Guardrails-First Course Materials
What You Get
This course is organized as a practical production path:
- each chapter focuses on one common incident/failure mode
- each chapter defines a safe operational workflow
- each chapter includes hands-on materials (
lab.md, andquiz.md; many include runbooks)
Recommended Learning Path
- Start from Chapter 01 and go sequentially through the core track.
- Run the lab before moving to the next chapter.
- Use the quiz at the end of each chapter to validate understanding.

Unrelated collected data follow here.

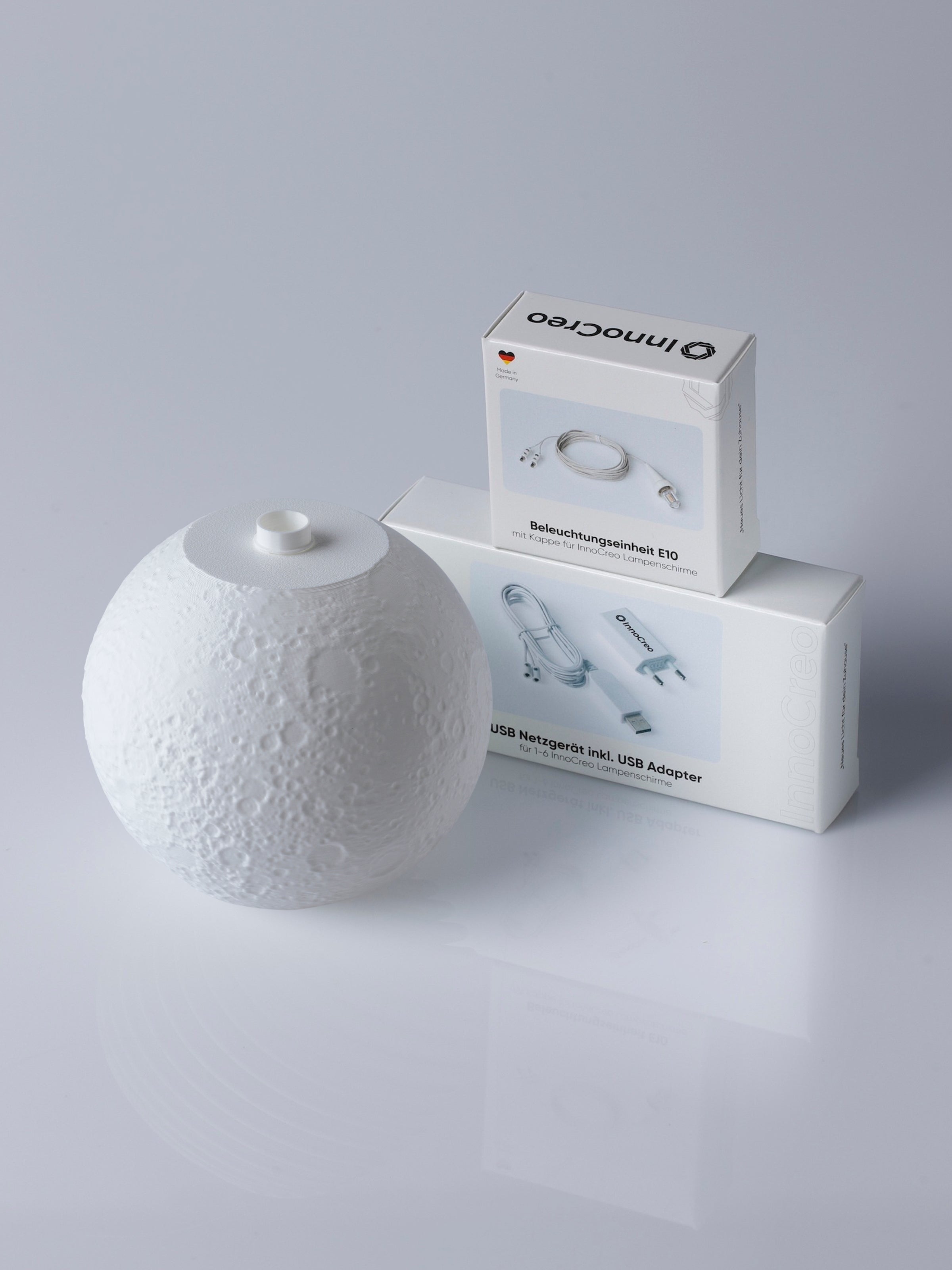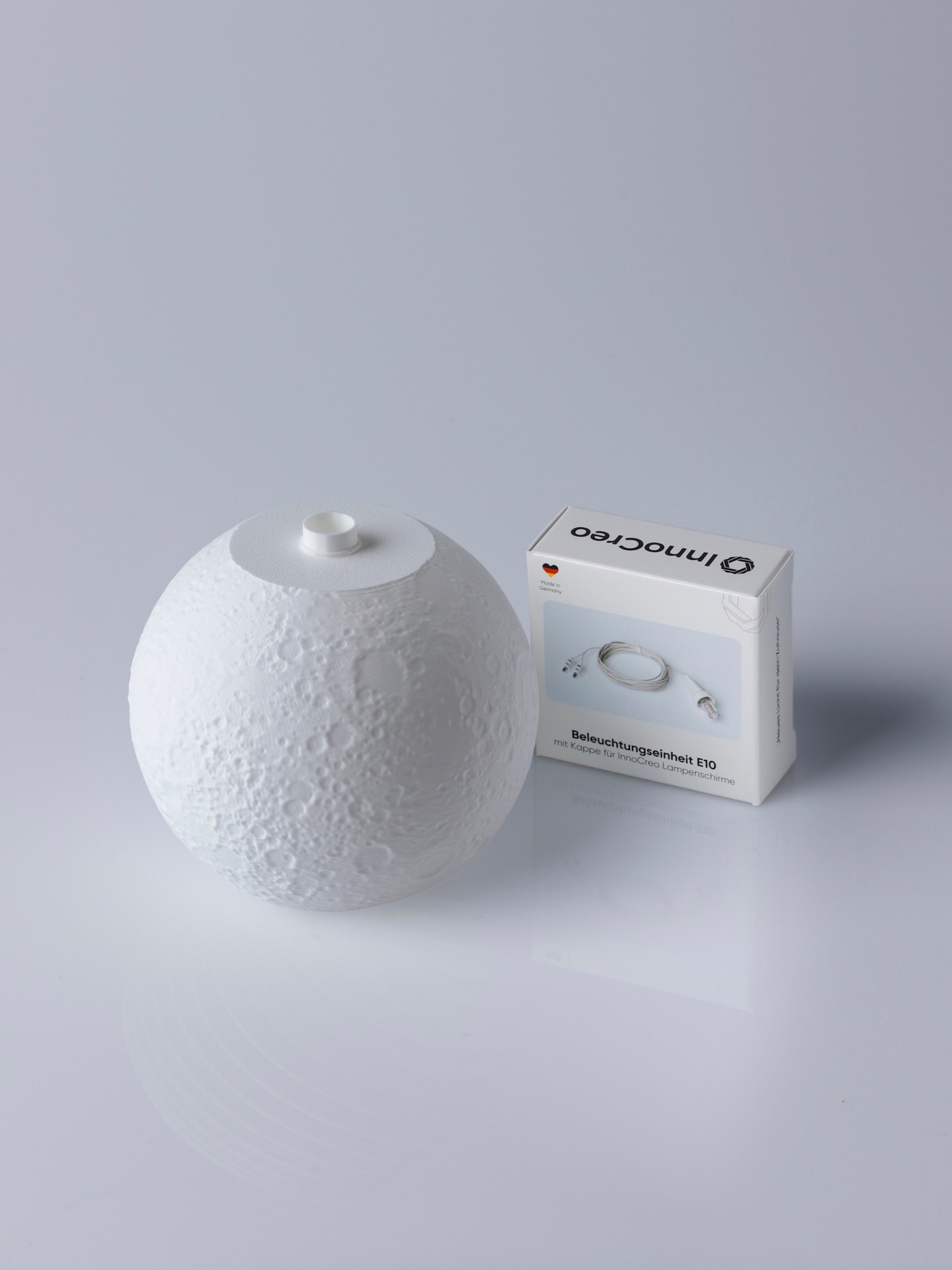 Unser "Mond" zeichnet sich durch seine detaillierte, mondähnliche Oberfläche aus, die die Krater und Unebenheiten der Mondlandschaft in stilisierter Form wiedergibt. Die strukturierten Konturen auf dem weißen Material reflektieren das Licht auf faszinierende Weise und schaffen eine atmosphärische Mond Lampe, die an das sanfte Mondlicht erinnert.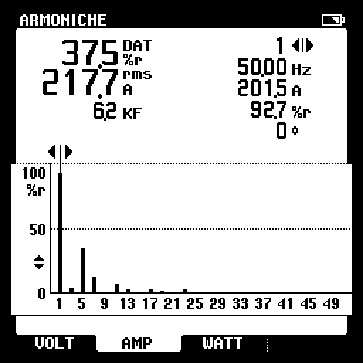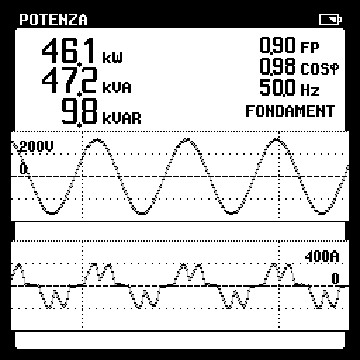 Da notare il Fattore di Potenza pari a 0,90, valore che si differenzia dal Cosfi a causa della spiccata distorsione armonica.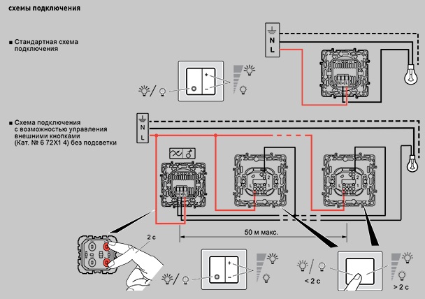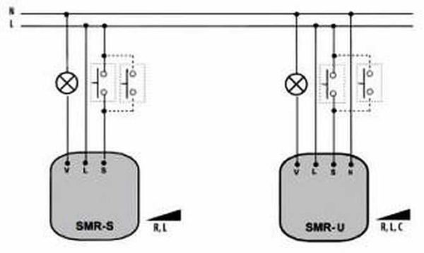 Betrachten Sie eine Reihe der beliebtesten Optionen zum Anschließen von Dimmern: direkt an den Schalter, eingebauter Typ und mit einer Fernbedienungstaste.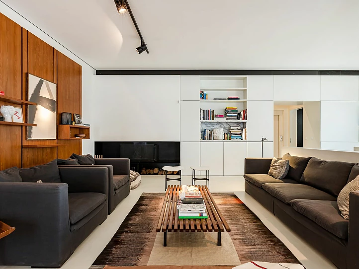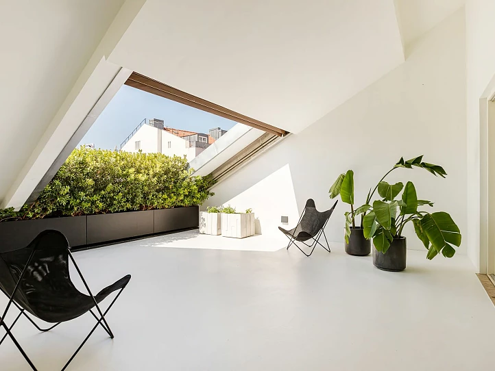 A suite principal ocupa um piso inteiro, combinando dimensões generosas, luz natural abundante e acesso ao exterior. Os elementos arquitetónicos de destaque incluem duas escadarias esculturais, linhas minimalistas e pormenores vintage criteriosamente selecionados que equilibram o design moderno com o carácter histórico do imóvel.

- Move to advanced modules only after finishing the core path.
Tracks
Core track:
- Chapters 01-13 (platform fundamentals, GitOps, security, observability, reliability, on-call)
Advanced track:
- Chapter 14: Supply Chain Security
- Chapter 15: Admission Policy Guardrails
- Chapter 16: Rollback and Data Migrations
- Module: Linkerd + Progressive Delivery (Canary / A-B)
Chapter-by-Chapter Implementation Coverage (sre -> course)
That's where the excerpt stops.